Letters from supporters say that dropping the interim reports would generate time and cost savings for venture issuers and suggest that investors could replace the insight these reports provide with information from alternative sources.
In contrast, opposing letters argue that the time between reports under the proposed approach would just be too long and might impact the market’s perception of venture issuers negatively. These opposing letters also argue that current interim reports aren’t that burdensome to produce in the first place – so the benefit of eliminating them wouldn’t be worth it.

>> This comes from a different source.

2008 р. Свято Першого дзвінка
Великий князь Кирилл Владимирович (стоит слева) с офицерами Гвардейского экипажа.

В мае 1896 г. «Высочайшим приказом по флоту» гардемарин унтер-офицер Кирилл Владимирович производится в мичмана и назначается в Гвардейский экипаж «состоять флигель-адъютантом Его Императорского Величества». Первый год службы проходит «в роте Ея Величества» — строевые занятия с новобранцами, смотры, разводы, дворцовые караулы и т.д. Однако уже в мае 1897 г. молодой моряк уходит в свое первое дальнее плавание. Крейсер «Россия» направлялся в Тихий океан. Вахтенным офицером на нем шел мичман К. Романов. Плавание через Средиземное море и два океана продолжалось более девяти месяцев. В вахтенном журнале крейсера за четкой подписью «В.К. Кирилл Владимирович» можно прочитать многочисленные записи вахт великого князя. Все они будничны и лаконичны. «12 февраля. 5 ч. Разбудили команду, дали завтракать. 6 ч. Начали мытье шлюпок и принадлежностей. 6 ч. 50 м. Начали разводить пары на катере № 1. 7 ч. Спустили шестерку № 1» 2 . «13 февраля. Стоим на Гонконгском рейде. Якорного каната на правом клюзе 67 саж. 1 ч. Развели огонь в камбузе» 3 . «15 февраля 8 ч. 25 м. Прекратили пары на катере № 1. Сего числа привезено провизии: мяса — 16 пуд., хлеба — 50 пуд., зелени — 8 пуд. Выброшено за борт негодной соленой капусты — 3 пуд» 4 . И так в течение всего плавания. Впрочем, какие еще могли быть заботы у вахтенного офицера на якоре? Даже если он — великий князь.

Instead of doing away with the interim reports altogether, there is more support for replacing the existing requirements with some sort of less onerous alternative. Indeed, most comments note that some amount of quarterly disclosure is necessary.
The question, then, is whether it’s worth crafting a separate regime for venture issuers at all. The CSA acknowledges that two-tier regulation could widen the gulf between venture issuers and senior issuers. This possibly could feed the perception that venture issuers are significantly riskier than senior issuers because they operate under a different, less stringent regulatory regime. Two tiers also could also create an incentive for firms to remain venture issuers in order for them to take advantage of less demanding reporting requirements. However, the CSA believes these risks are minimal and can be mitigated by the venture firms with additional, voluntary disclosure.

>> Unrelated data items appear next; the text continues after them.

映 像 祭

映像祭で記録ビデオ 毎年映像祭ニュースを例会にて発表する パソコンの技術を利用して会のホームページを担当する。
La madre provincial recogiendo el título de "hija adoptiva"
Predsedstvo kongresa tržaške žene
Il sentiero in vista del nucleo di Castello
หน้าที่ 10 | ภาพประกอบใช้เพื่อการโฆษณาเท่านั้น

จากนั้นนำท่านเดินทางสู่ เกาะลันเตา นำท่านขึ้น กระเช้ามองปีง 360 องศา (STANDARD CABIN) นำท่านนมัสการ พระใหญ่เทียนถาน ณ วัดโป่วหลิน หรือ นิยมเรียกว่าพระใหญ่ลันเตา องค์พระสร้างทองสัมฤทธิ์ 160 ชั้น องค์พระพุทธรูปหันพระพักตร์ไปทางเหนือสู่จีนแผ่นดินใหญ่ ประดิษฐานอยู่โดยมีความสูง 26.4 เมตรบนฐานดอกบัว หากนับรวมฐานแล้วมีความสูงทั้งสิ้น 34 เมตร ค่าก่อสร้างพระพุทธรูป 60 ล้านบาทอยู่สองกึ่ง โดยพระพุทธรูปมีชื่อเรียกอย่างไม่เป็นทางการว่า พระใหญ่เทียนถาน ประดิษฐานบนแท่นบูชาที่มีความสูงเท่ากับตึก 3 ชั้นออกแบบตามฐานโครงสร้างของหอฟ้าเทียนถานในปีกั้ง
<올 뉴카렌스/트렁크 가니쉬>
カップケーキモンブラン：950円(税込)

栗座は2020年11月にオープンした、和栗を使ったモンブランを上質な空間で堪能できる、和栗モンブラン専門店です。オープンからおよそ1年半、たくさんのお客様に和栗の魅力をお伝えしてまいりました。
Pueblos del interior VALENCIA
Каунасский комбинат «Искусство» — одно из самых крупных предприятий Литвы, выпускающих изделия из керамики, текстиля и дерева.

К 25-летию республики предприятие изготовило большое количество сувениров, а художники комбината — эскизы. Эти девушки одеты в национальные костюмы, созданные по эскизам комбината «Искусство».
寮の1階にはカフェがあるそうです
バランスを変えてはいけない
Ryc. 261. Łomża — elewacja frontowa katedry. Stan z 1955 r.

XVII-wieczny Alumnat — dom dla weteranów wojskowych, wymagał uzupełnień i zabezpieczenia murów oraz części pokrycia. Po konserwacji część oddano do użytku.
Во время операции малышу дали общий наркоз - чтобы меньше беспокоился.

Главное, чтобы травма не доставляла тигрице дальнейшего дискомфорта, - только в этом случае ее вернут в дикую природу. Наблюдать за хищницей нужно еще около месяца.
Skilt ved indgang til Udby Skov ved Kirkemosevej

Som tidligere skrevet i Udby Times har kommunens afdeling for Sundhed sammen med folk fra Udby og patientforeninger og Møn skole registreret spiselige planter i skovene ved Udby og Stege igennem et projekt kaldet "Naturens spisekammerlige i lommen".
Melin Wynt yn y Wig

The CSA is proposing to proceed in the hope that the remaining measures will have a positive impact on the venture market by: generating more relevant disclosure for venture investors (doing away with some requirements and adding others); reducing the regulatory burden on issuers; and enhancing investor confidence by introducing new governance standards to deal with conflicts of interest, related-party transactions and insider trading.
The CSA reports that more than half of the comments on the initial proposal say that it would still be worth pursuing tailored regulation for venture issuers – even if the CSA decides not to follow through with plans to scrap the quarterly financials.
To some, the benefits of some of the other changes being proposed – such as streamlining reporting requirements or introducing new governance measures – justify the new rule. Others laud putting venture regulation into a separate rule, thus highlighting the importance of venture issuers to the Canadian markets.
The cost/benefit analysis accompanying the latest proposals suggests there is likely to be mixed impact on firms. The analysis, which is based on surveys of venture firms carried out in the autumn of 2011 and this past spring, found, for example, that 80% of issuers expect that the cost of their quarterly reporting will decline with a move to quarterly highlights from an MD&A, and 90% expect an ongoing decline in those costs.
But about half of firms expect that the time and money required to produce their annual report initially will rise under the new requirements; 41% expect new governance disclosure requirements to increase compliance costs; and, about a third expect costs to swell due to new audit committee requirements and executive compensation disclosure obligations.
The CSA anticipates those costs will decline over time.